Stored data
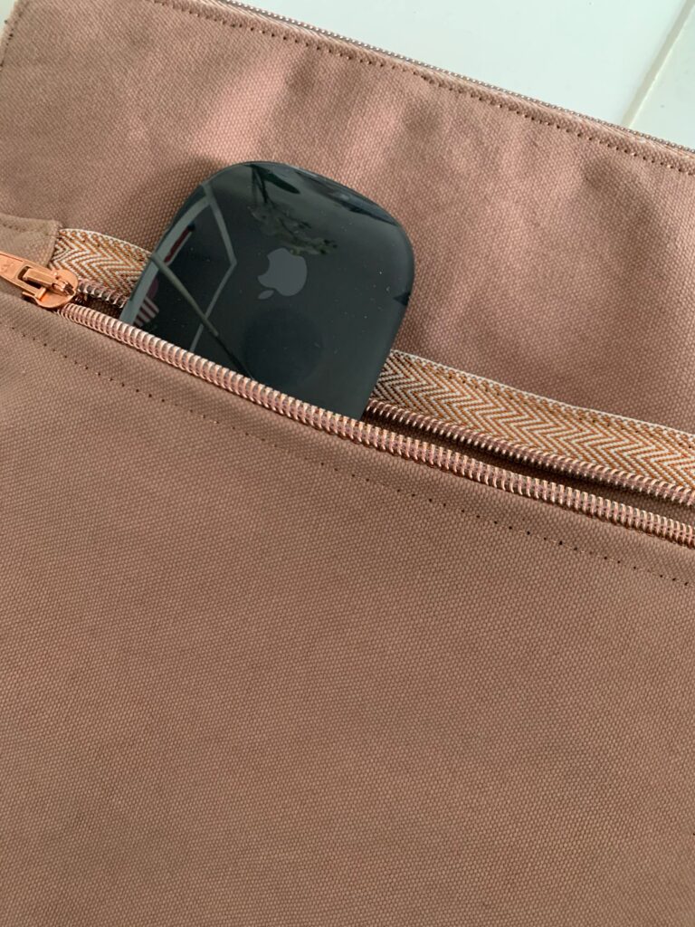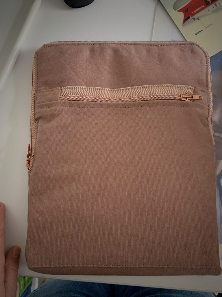 In Heavy Canvas in altrosa für AnnA, in Softshell für mich. Alles Material (inklusive dem wunderschönen kupferfarbenen Reissverschluss!) von www.kuntundbunt.ch – da habe ich mich auch für das Projekt inspirieren lassen. Schnitt: aus den Tiefen des Internet hier, allerdings hat es da noch das eine oder andere Häkchen… ich bin auf jeden Fall nicht ganz zufrieden – AnnAs Heavy Canvas Teil hat eine Schwachstelle am unteren Seitenende (unsauber mit dem Futter gelöst, weil einfach VIEL zu dick). Wir werden sehen, wie sich das Teil im Alltag bewährt – notfalls machen wir eine Neuauflage. Und wie man ein Teil ohne Tasche für Maus, Kabel & Co. designen kann, ist mir auch nicht ganz klar….
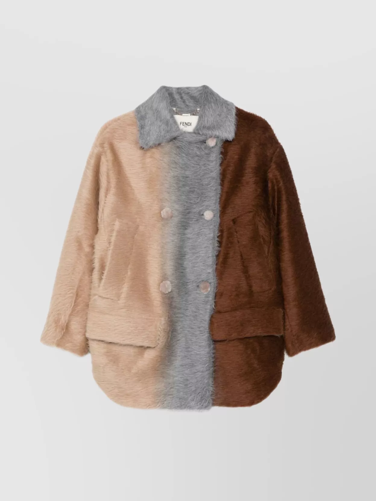 Fendi wool blend coat featuring fur pockets
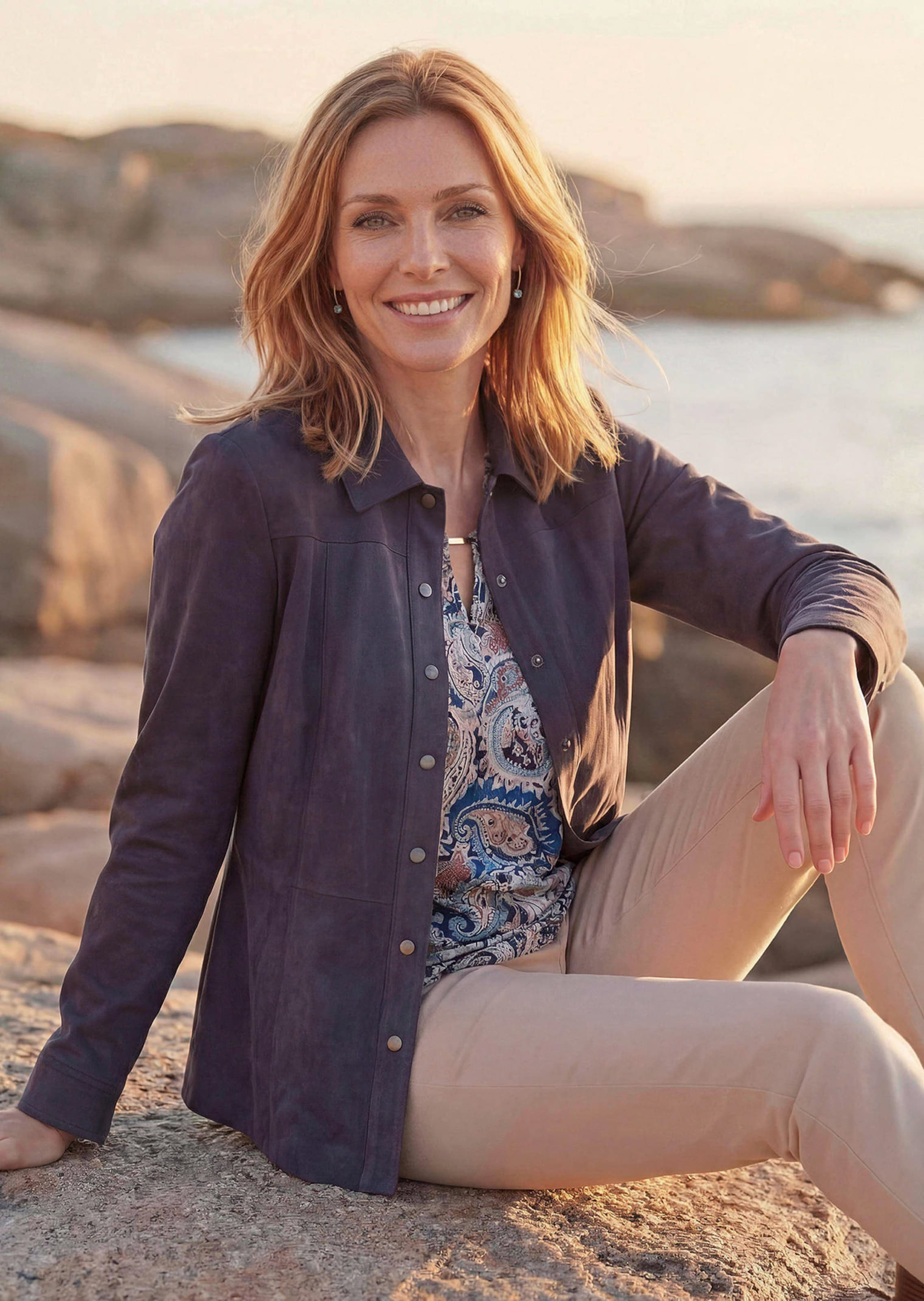 Surchemise en similicuir velours. La texture douce ravit les sens, tandis que la surchemise offre un confort exceptionnel grâce à sa matière extensible, agréable à porter. Empiècement, devant et au dos, et poignets au bas des manches. Fermeture pressionnée. Les poches latérales apportent la touche finale à ce modèle très polyvalent. Un partenaire non doublé, facile à combiner, à porter comme chemisier ou comme surchemise. Longueur env. 67 cm en 46, env. 63 cm en 23.
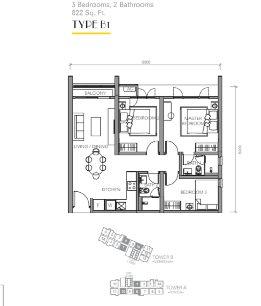 Unit type :822SQFT 3ROOM
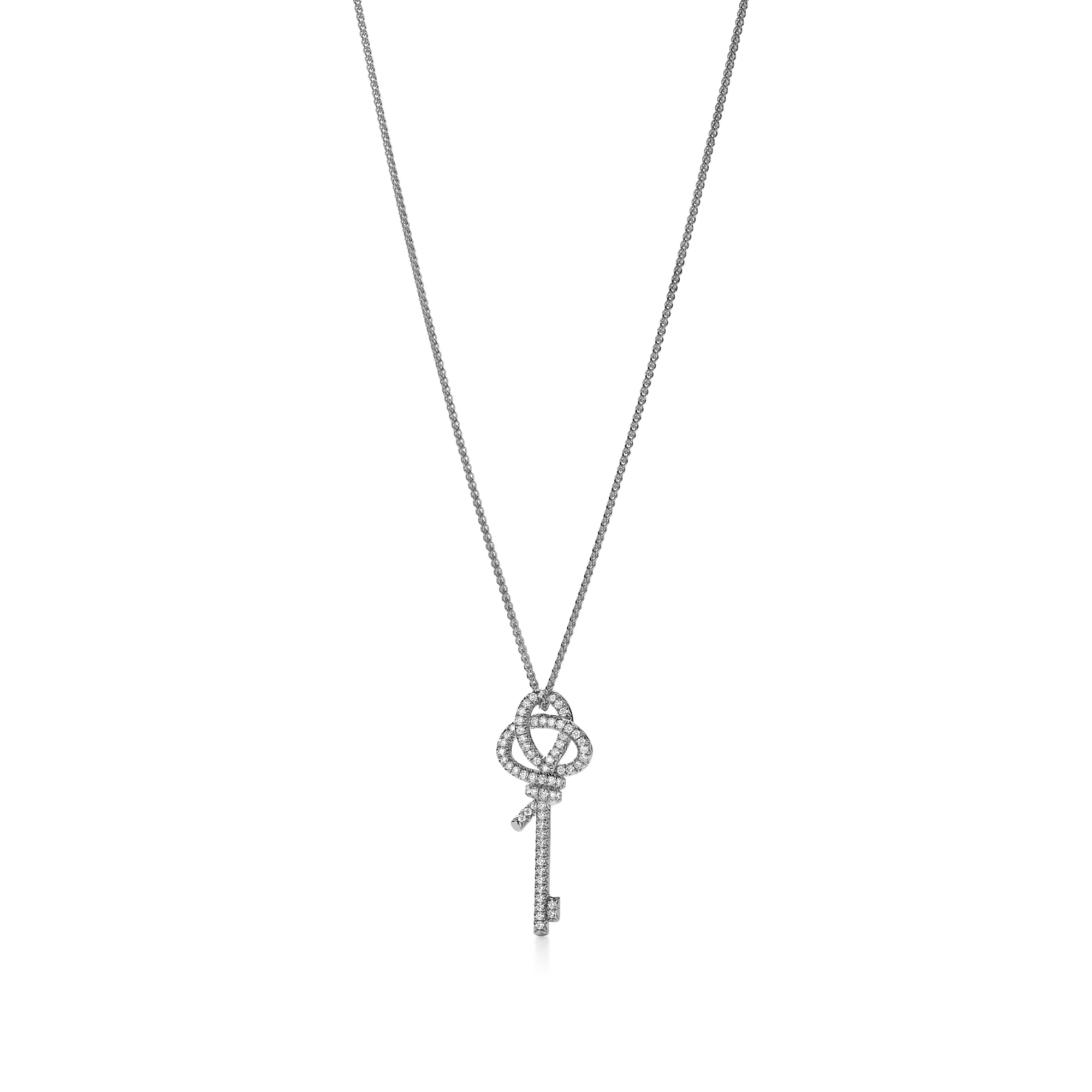 Tiffany Knot is an expression of love’s unwavering bonds. Inspired by an archival bow crafted in 1889, Knot is a symbol of life’s most enduring ties and meaningful connections. This pendant is crafted of platinum and polished by hand for high shine. Each round brilliant diamond—specifically chosen to meet Tiffany’s high standards—is hand set at precise angles to maximise brilliance. Wear this pendant on its own or partnered with classic silhouettes for an unexpected pairing.
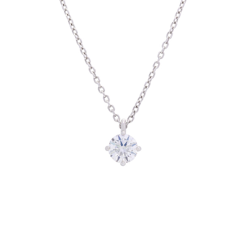 Shining claw prongs hold a dazzling round lab-grown diamond securely as it dangles from a smooth cable chain in this timeless and sophisticated piece of jewelry.
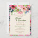 Um design floral com lindas flores vermelhas, cor-de-rosa, cor-de-água. O texto e as cores deste convite podem ser editados. Adicionar texto de acordo com os seus nomes
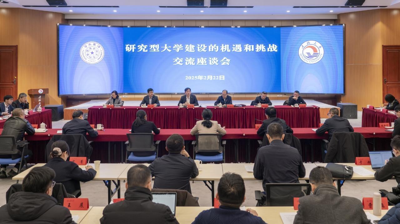 同日,李路明一行前往青海大学,与青海大学党委书记李丽荣,青海大学校长、kaiyun开云官方网站计算机系教授史元春,青海大学党委副书记、常务副校长任延明等围绕“研究型大学建设的机遇和挑战”主题进行交流座谈。座谈会由青海省副省长杨志文主持。
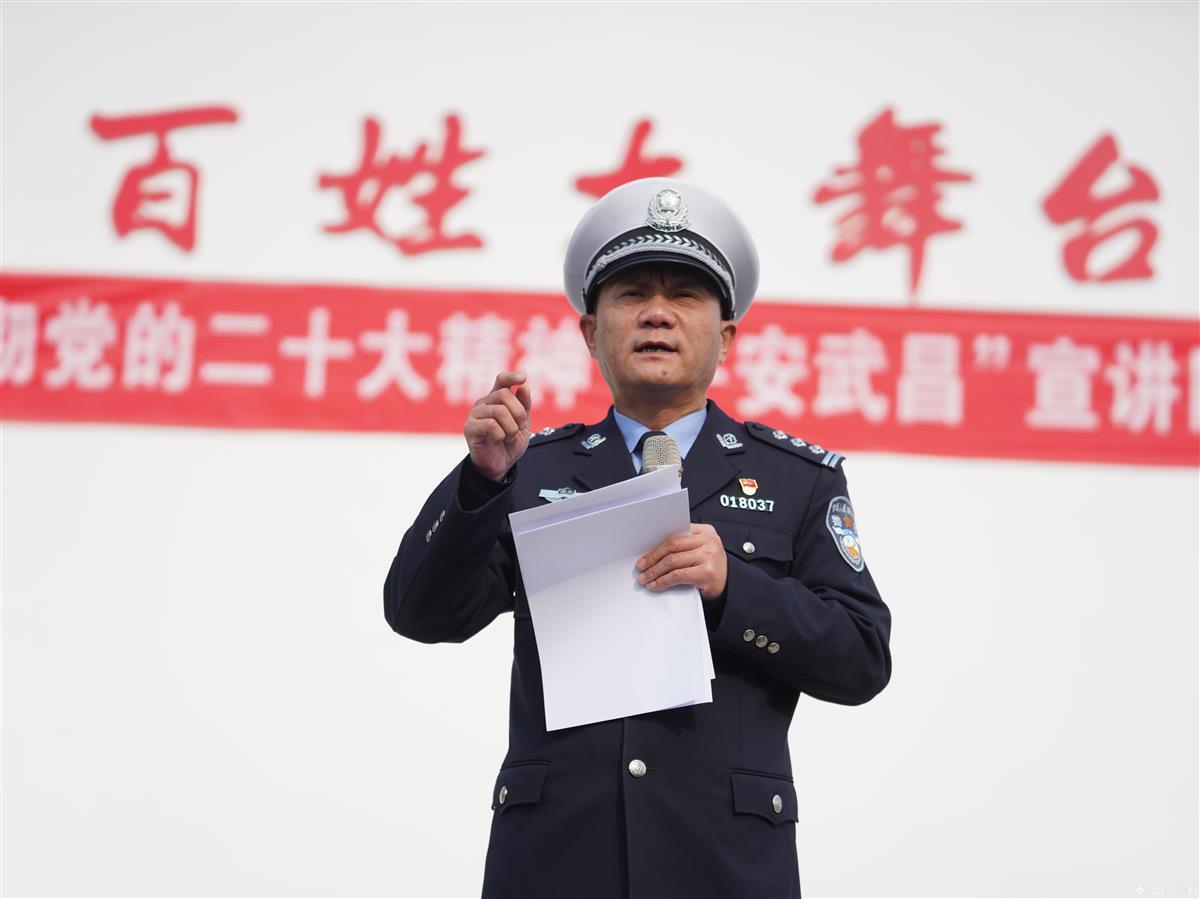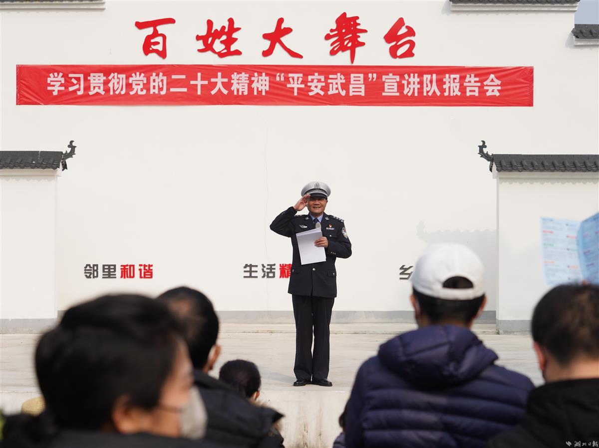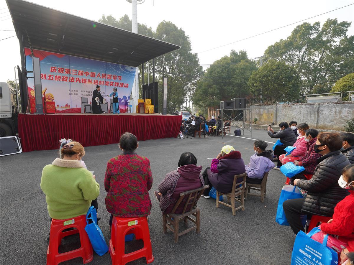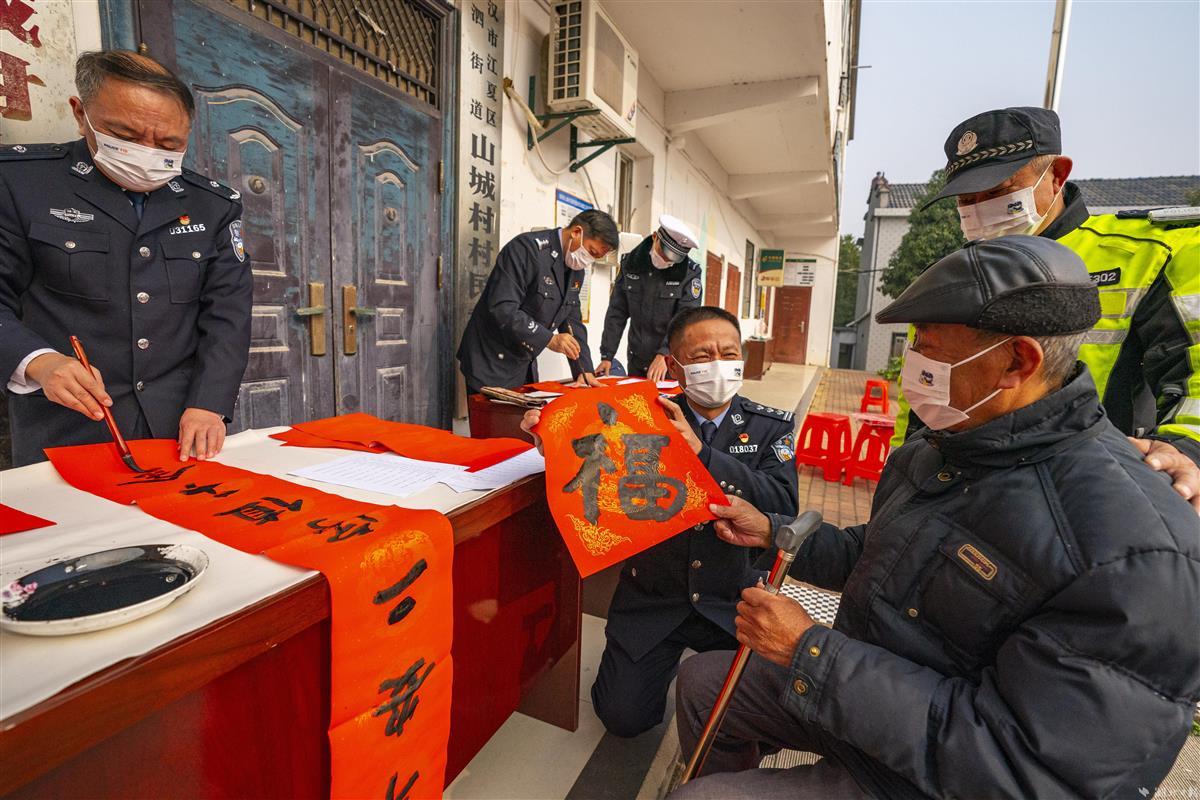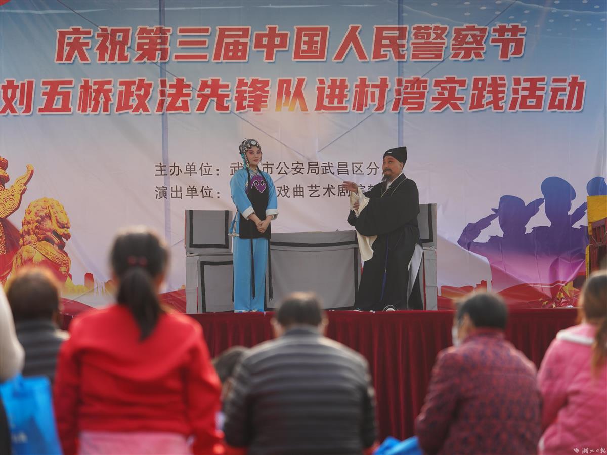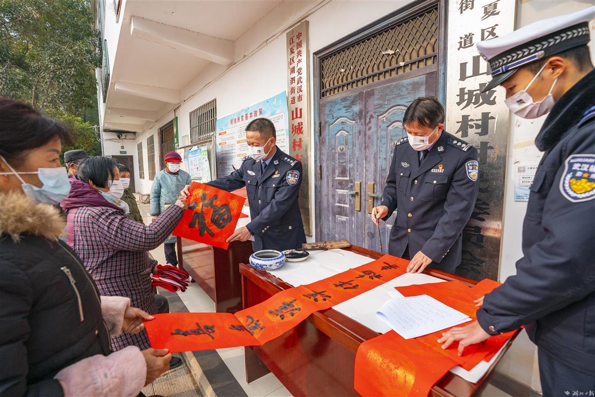 1月10日,武漢市公安局武昌區(qū)分局劉五橋政法先鋒隊(duì)來到江夏區(qū)湖泗街山城村,為村民宣講黨的二十大精神、送春聯(lián)、演楚劇,與村民歡聚一堂、同迎新春。當(dāng)天是第三個(gè)人民警察節(jié),政法先鋒隊(duì)還為村民上了一節(jié)生動(dòng)形象的“反詐防騙”課,幫助大家守護(hù)好自己的“錢袋子”?;顒?dòng)現(xiàn)場(chǎng),警營(yíng)書法家現(xiàn)場(chǎng)給村民書贈(zèng)春聯(lián)。政法先鋒隊(duì)還聯(lián)合湖北省戲曲藝術(shù)劇院的專業(yè)演出隊(duì)伍,將經(jīng)典的楚劇搬到老百姓家門口,豐富村民的文化生活。

- [WHAT TO PRODUCE] Copy exactly the lines that run from the one containing "Tiffany Knot is" to the last line of the records, both included, and leave out every picture.

- [YOUR RESPONSE]
 Tiffany Knot is an expression of love’s unwavering bonds. Inspired by an archival bow crafted in 1889, Knot is a symbol of life’s most enduring ties and meaningful connections. This pendant is crafted of platinum and polished by hand for high shine. Each round brilliant diamond—specifically chosen to meet Tiffany’s high standards—is hand set at precise angles to maximise brilliance. Wear this pendant on its own or partnered with classic silhouettes for an unexpected pairing.
 Shining claw prongs hold a dazzling round lab-grown diamond securely as it dangles from a smooth cable chain in this timeless and sophisticated piece of jewelry.
 Um design floral com lindas flores vermelhas, cor-de-rosa, cor-de-água. O texto e as cores deste convite podem ser editados. Adicionar texto de acordo com os seus nomes
 同日,李路明一行前往青海大学,与青海大学党委书记李丽荣,青海大学校长、kaiyun开云官方网站计算机系教授史元春,青海大学党委副书记、常务副校长任延明等围绕“研究型大学建设的机遇和挑战”主题进行交流座谈。座谈会由青海省副省长杨志文主持。
 1月10日,武漢市公安局武昌區(qū)分局劉五橋政法先鋒隊(duì)來到江夏區(qū)湖泗街山城村,為村民宣講黨的二十大精神、送春聯(lián)、演楚劇,與村民歡聚一堂、同迎新春。當(dāng)天是第三個(gè)人民警察節(jié),政法先鋒隊(duì)還為村民上了一節(jié)生動(dòng)形象的“反詐防騙”課,幫助大家守護(hù)好自己的“錢袋子”?;顒?dòng)現(xiàn)場(chǎng),警營(yíng)書法家現(xiàn)場(chǎng)給村民書贈(zèng)春聯(lián)。政法先鋒隊(duì)還聯(lián)合湖北省戲曲藝術(shù)劇院的專業(yè)演出隊(duì)伍,將經(jīng)典的楚劇搬到老百姓家門口,豐富村民的文化生活。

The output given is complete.